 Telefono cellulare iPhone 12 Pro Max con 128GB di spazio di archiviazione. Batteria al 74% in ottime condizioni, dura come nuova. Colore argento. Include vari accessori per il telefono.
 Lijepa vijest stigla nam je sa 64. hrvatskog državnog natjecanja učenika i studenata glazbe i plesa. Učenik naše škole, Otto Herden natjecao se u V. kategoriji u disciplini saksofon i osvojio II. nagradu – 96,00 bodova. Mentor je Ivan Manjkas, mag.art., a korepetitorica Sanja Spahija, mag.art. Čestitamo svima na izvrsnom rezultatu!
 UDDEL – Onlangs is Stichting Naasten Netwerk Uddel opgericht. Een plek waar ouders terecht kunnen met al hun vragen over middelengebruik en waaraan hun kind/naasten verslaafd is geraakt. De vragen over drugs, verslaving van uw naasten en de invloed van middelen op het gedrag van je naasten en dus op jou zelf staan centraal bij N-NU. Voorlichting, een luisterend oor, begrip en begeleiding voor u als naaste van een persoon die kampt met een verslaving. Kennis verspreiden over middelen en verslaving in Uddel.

...

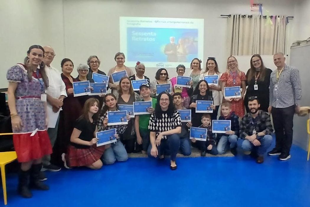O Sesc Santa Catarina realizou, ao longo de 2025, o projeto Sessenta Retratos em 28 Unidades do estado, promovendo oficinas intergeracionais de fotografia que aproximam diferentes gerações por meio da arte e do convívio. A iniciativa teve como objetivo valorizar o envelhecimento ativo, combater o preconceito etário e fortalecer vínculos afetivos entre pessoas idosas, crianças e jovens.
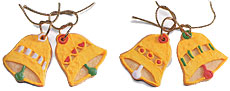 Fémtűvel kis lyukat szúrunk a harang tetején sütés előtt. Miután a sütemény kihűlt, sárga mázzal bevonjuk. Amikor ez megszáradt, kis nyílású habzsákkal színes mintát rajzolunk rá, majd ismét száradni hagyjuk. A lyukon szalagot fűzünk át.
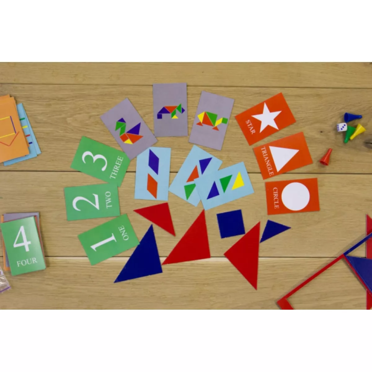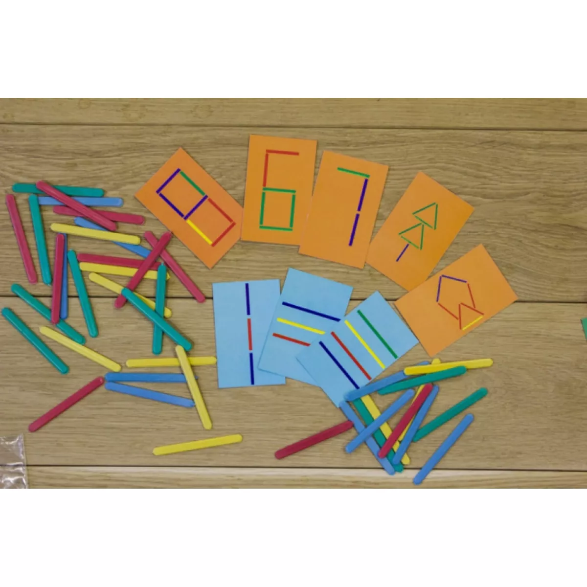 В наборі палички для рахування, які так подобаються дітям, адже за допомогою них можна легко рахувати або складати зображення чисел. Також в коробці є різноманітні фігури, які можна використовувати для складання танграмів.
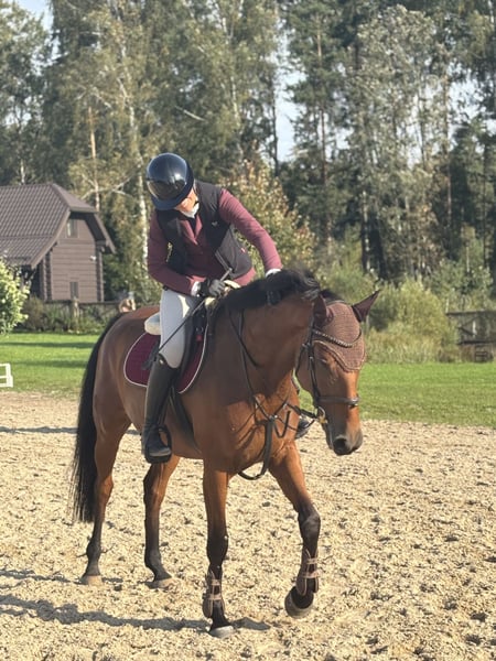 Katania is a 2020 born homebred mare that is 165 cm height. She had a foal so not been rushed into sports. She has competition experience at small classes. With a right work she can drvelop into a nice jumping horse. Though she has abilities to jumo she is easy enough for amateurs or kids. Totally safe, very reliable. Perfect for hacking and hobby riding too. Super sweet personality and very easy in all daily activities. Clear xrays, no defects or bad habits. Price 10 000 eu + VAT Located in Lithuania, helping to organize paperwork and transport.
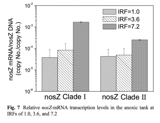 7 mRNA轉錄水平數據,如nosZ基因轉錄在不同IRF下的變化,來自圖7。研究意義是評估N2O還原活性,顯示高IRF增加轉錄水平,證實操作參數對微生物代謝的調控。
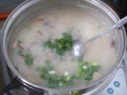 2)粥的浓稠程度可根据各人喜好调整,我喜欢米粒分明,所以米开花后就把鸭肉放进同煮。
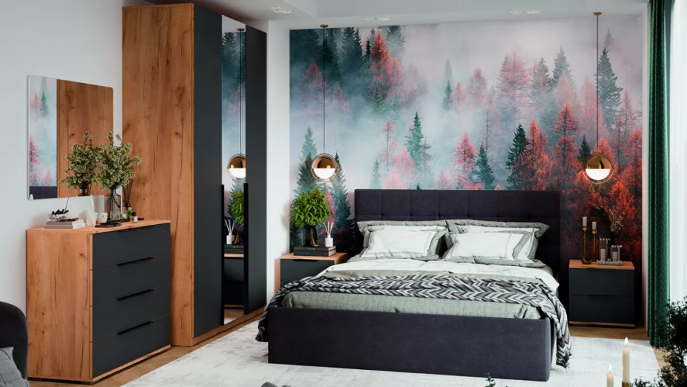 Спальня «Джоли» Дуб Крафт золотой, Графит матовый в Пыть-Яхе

...

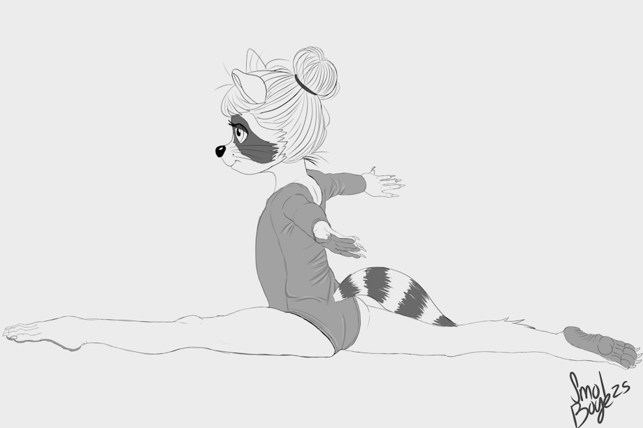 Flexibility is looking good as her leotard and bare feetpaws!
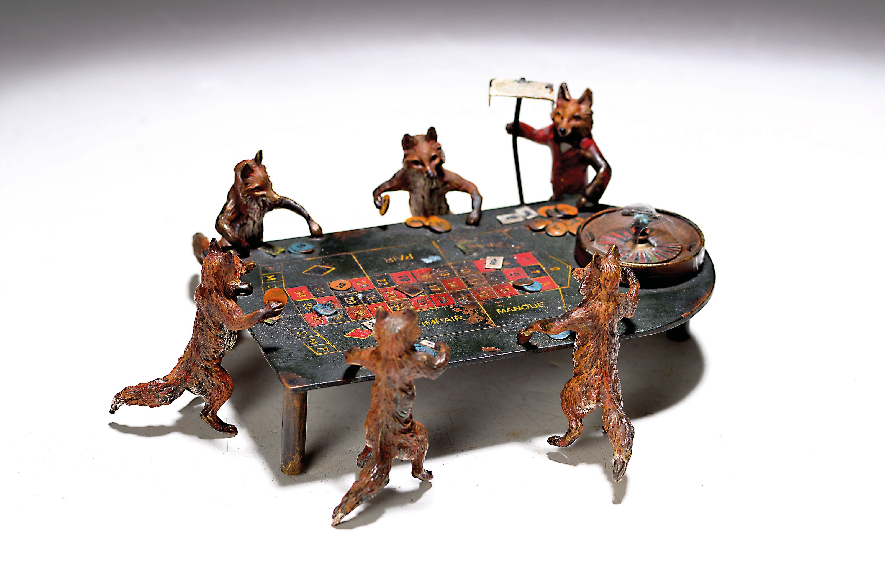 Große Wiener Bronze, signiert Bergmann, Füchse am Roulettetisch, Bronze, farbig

*Exercise*
Your reply is to be an exact repeat of the listing above from the line holding "Flexibility is looking" down to the line holding "Große Wiener Bronze, signiert", ends included, pictures excluded.

*Output*
 Flexibility is looking good as her leotard and bare feetpaws!
 Große Wiener Bronze, signiert Bergmann, Füchse am Roulettetisch, Bronze, farbig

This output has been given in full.